Mental health diagnosis, so far, relies solemnly on self reports and occasional meetings with clinicians. Besides drug therapy we treat patients mostly with talk therapy employing a vast array of different approaches from hypnosis to Cognitive Behavioral Therapy. However, we have little evidence on what actually works. If a patient's condition gets better we rarely know whether this was due to the therapeutic approach or because of the therapist's personality or because they changed their diet or got better sleep.
Although we know about various factors correlated with mental health we do not know much about the causalities and individual differences. Which behavioral pattern contributes to an individual's mental health? And how much so? What kind of therapy with what kind of therapist works for whom? Which commonly used practices might harm certain individuals? All of these questions require answers if we want to really understand mental health.

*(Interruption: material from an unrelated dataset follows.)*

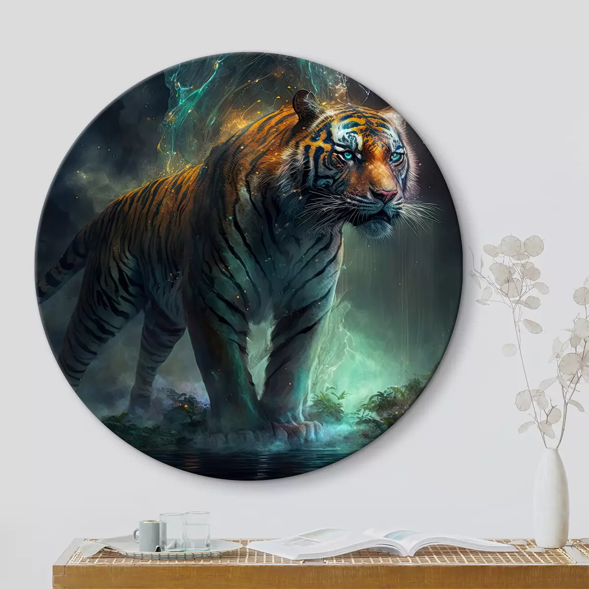 Okrągły obraz Ręcznie rysowany neonowy tygrys Nr r33919

But so far we can merely guess at the answers.
With the advent of artificial intelligence, however, we might have found the tool that is for the science of mental health what telescope and calculus were for physics. With new mental health technology we will be able to collect and integrate data from previously untapped sources like behavioral data from our digital devices or sleep and general health data, collected by wearables.
These AI tools hold the promise of decoding the intricate neural networks of the mind, offering a more profound understanding of mental processes and health. This has the potential to be not only a revolution for mental health patients but also a scientific revolution introducing AI as the new paradigm for mental health research.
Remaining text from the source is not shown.